Army reservists and contracted civilians worked with Marines to coordinate the blood drive to rebuild the current blood supply for shipment overseas to troops in support of Operation Iraqi Freedom.
"It's a tragedy that we're at war, but it's a blessing that even though we're from different services and units, when things get rough, we can pull together as one unit to save lives," said Army Capt.
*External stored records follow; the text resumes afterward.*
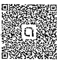
QR Code (๒)
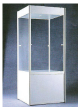
VITRINA OSVĚTLENÁ 100x100 cm, výška 250 cm
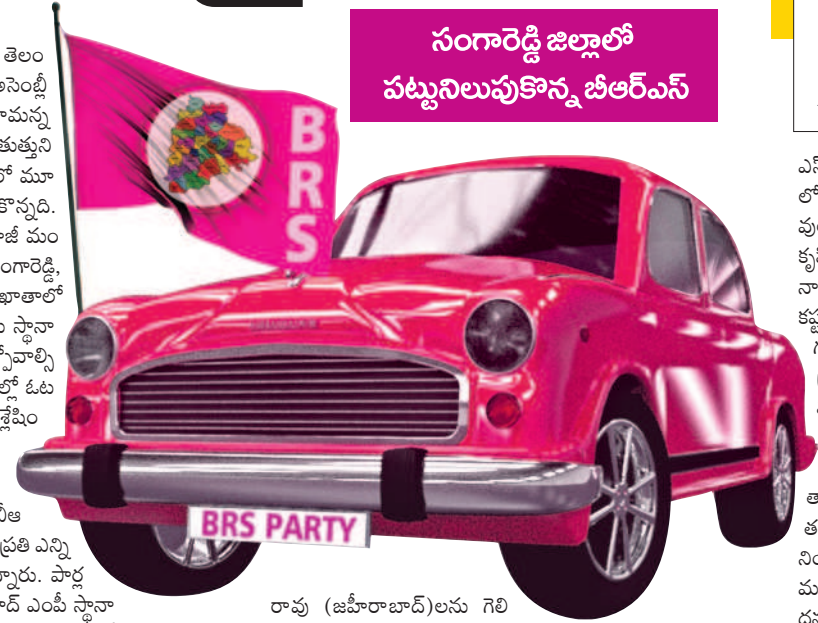
సంగారెడ్డి జిల్లాలో పట్టునిలుపుకొన్న బీఆర్ఎస్

సంగారెడ్డి డిసెంబర్ 5(నమస్తే తెలంగాణ) : సంగారెడ్డి జిల్లాలోని ఐదు అసెంబ్లీ స్థానాలను కైవసం చేసుకుంటూ మున్సిపల్ కాంగ్రెస్ కలలను బీఆర్ఎస్ పార్టీ తుక్కుని యలు చేసింది. మొత్తం ఐదు సీట్లలో మూడింటిని సాధించి పట్టు నిలుపుకొన్నది. మాజీ సీఎం కేసీఆర్ సారథ్యం, మాజీ మంత్రి హరీరావు పక్కా పూర్వహితం సంగారెడ్డి పటానించారు. జహీరాబాద్ గులాబీ ఖాతాలో చేరాయి. నారాయణపేట, అందోలు స్థానాలను ఒక శాతం ఓటు తేడాతో కోల్పోవాల్సి వచ్చింది. ఈ రెండు నియోజకవర్గాల్లో ఓటు మికి గల కారణాలను బీఆర్ఎస్ విశ్లేషించుకుంటున్నది.
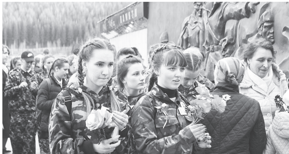
Военно-патриотическое воспитание – одно из приоритетных направлений молодежной политики

грантов на организацию летнего отдыха и трудовой занятости молодежи и детей, по его результатам 300 тыс. рублей были распределены между победителями для реализации проектов по организации летних профильных лагерей и трудовых бригад. Озеленение городских территорий, организация летнего военно-патриотического лагеря и сиреневой аллеи были проведены при достойной финансовой поддержке и благодаря педагогам и воспитанникам Центра дополнительного образования, МОУ Лицей и МОУ СОШ № 2. В результате победы на конкурсе проектов «Мы за чистый город» общественной организации «Детский экологический клуб «Росинка» ежегодно работает летний трудовой отряд молодежи.
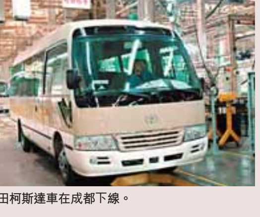
■豐田柯斯達車在成都下線。

四川省委、省政府今年在以500個重大項目為引擎，強力推進「兩個加快」的同時，還提出了打造「一樞紐、三中心、四基地」，以顯著提升四川產業競爭力、要素轉化力、市場競爭力及區域帶動力的「一樞紐」，就是要建設貫通南北、連接東西、通江達海的西部綜合交通樞紐，優先安排各類出川大通道。「三中心」是建設西部物流、商貿、金融三大區域性中心。「四基地」着力建設重要戰略資源開發基地、現代加工製造業基地、科技創新產業化基地、農產品深加工基地等四大基地。

Jeffrey L. Richards, task force commander, 7217th Blood Collection Team, Kendrick Memorial Donor Center, Fort Gordon, Ga.
After the blood is donated, it is sent to the Armed Services Whole Blood Processing Lab at Maguire Air Force Base, N.J., where it is sent to troops who need it, or can be frozen for up to 10 years in storage, said Richards.
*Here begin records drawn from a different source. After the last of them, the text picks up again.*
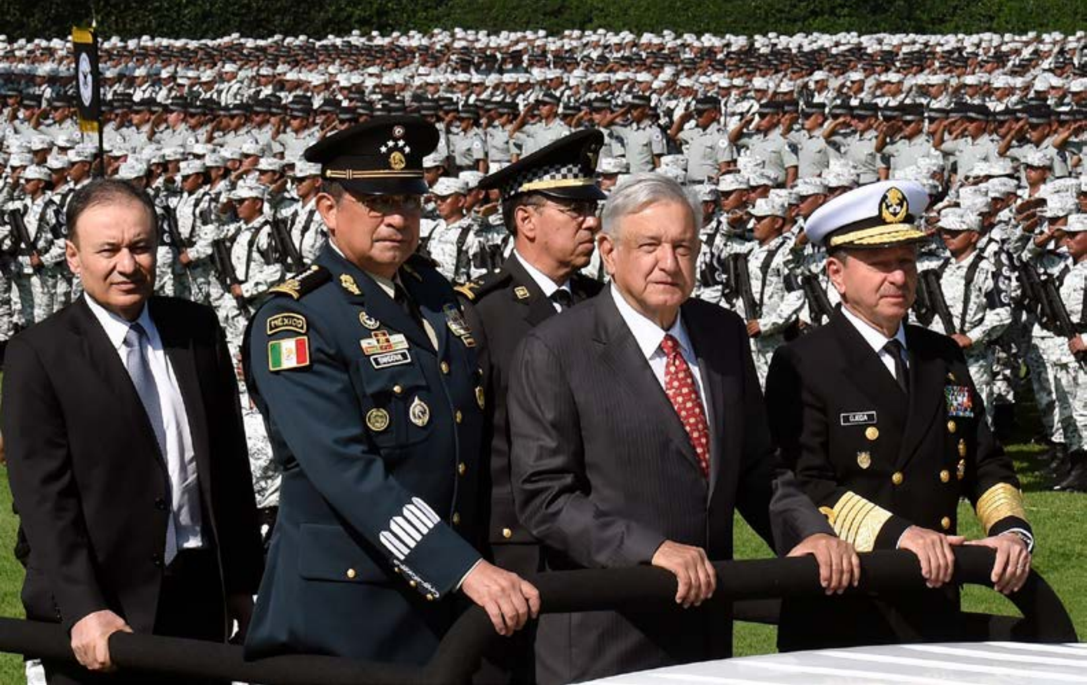
Imagen: El Presidente en la inauguración de la Guardia Nacional. Foto: Alfredo Estrella/Agence France-Presse — Getty Images. En https://tinyurl.com/y6gynnx3
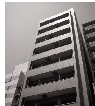
プチグランデミレーヌ 外観

駅周辺には、24時間営業のスーパーやコンビニだけでなく、ショッピング施設・飲食店が多数あり、生活に便利です。
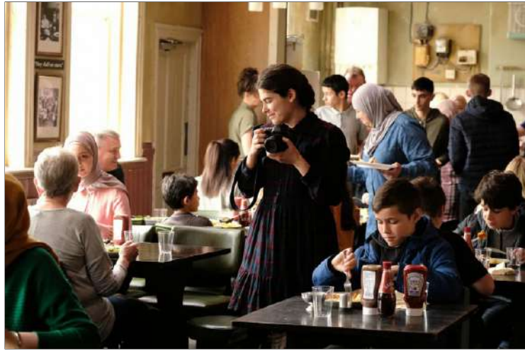
The old oak

KINEPOLIS BEREIKBAAR MET OPENBAAR VERVOER DE LIJN HEEN: Station Brugge lijn 2 (Kinopolis-Station-Centrum-Coiseaukaai) Perron 1 B Vertrek: 19.23 u. - Aankomst 19.35 u. TERUG:

According to Richards, recruits are the most ideal candidates for donation because of the abundance in numbers and because the eligibility rate for donation is higher.
"You're supply is our supply,' is what we tell recruits," he said." You never know when you'll be the one who'll need it. Even though their drill instructors may give them a hard time, the recruits can go to sleep at night knowing they did something positive. That really gets them pumped."
Despite the stressful atmosphere a recruit may endure while in training, one thing was unanimous among the hundreds of recruits gathered inside the chapel preparing to donate -- they felt good about doing something positive for the troops, whom they may one day serve alongside.
"I'm glad that I can contribute to the war effort while in recruit training," said Recruit Thomas M. Forcier Jr., Platoon 2042, Golf Co., 2nd RTBn.
"I feel it is necessary to give blood for a good cause," added his platoon mate, Recruit Gulaid S. Ismail.
The blood collection team collects 200-300 units of blood per week from recruits during the rifle qualification portion of their training. Since the blood drives started in February, more than 1,800 units of blood have been collected. The blood drives will continue to take place at the Weapon's Chapel every Sunday at noon, until enough blood has been collected, said Richards.
"We're really thankful that the commanding general gave us the thumbs up to do this and for the [Weapon's Bn.] who helped to coordinate this," said Richards.
"It's good that we can pull together to save lives, whether it's saving lives with your weapon, or the distributions of blood to troops overseas," he said.